Fig. 4. Alterations in EV secretion pathways upon induction of neuroendocrine differentiation states in prostate cancer and release of BRN2 and BRN4 mRNA in PCa EVs upon ENZ treatment.

A. EVs were isolated from sera of PCa patients with CRPC-Adeno, n=42 and CRPC-NE, n=6. Nanoparticle Tracking Analyses (NTA) of representative CRPC-Adeno (upper left panel) and CRPC-NE (upper right panel) cases showing size and concentration of isolated particles. Lower left: Average particle size and; Lower right: Particle concentration in CRPC-Adeno vs CRPC-NE cases as determined by NTA analyses.

B. Western blot analyses for EV markers CD9, CD63, TSG101 and negative marker GRP94 to confirm the integrity of EVs isolated from sera of CRPC-Adeno (n=7) and CRPC-NE (n=4) cases.

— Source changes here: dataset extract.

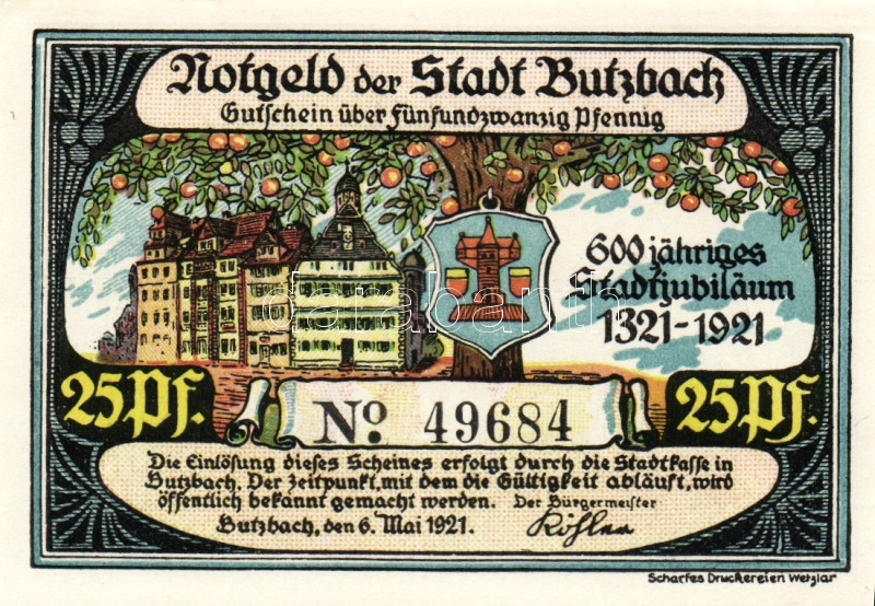 Német Birodalom/Weimari Köztársaság/ Butzbach 1921. 25Pf + 50Pf(7x) ös... https://www.darabanth.com/de/93-Fernauktion/93.0/Numismatik/~5315/Nemet-BirodalomWeimari-Koztarsasag-Butzbach-1921-25Pf-plus-50Pf7x-osszesen-8klf-db-teljes-so~II213011

C. Genomic alteration frequencies (left panel) and relative mRNA expression (right panel) for CD9 and CD63 in CRPC-Adeno and CRPC-NE cases in Beltran et al (11) cohort. mRNA data is represented as mean ± SEM.

D. EVs were extracted from conditioned media of LNCaP, LNCaP-AR and ENZ-R cell line followed by RNA isolation and real-time PCR based expression profiling for EV-associated BRN2 and BRN4 mRNA. Data were normalized to GAPDH control and represented as mean ± SEM.

E. LNCaP-AR ENZR cell line was treated with exosome inhibitor GW4869 (20µM) for 48 hours followed by clonogenicity assay. Representative images from control/GW4869 treated cells are shown above.

F. Expression of indicated genes in cellular (upper) and EV (lower) fractions from RWPE-1, LNCaP and NCI-H660 cells. Data were normalized to GAPDH control and represented as mean ± SEM.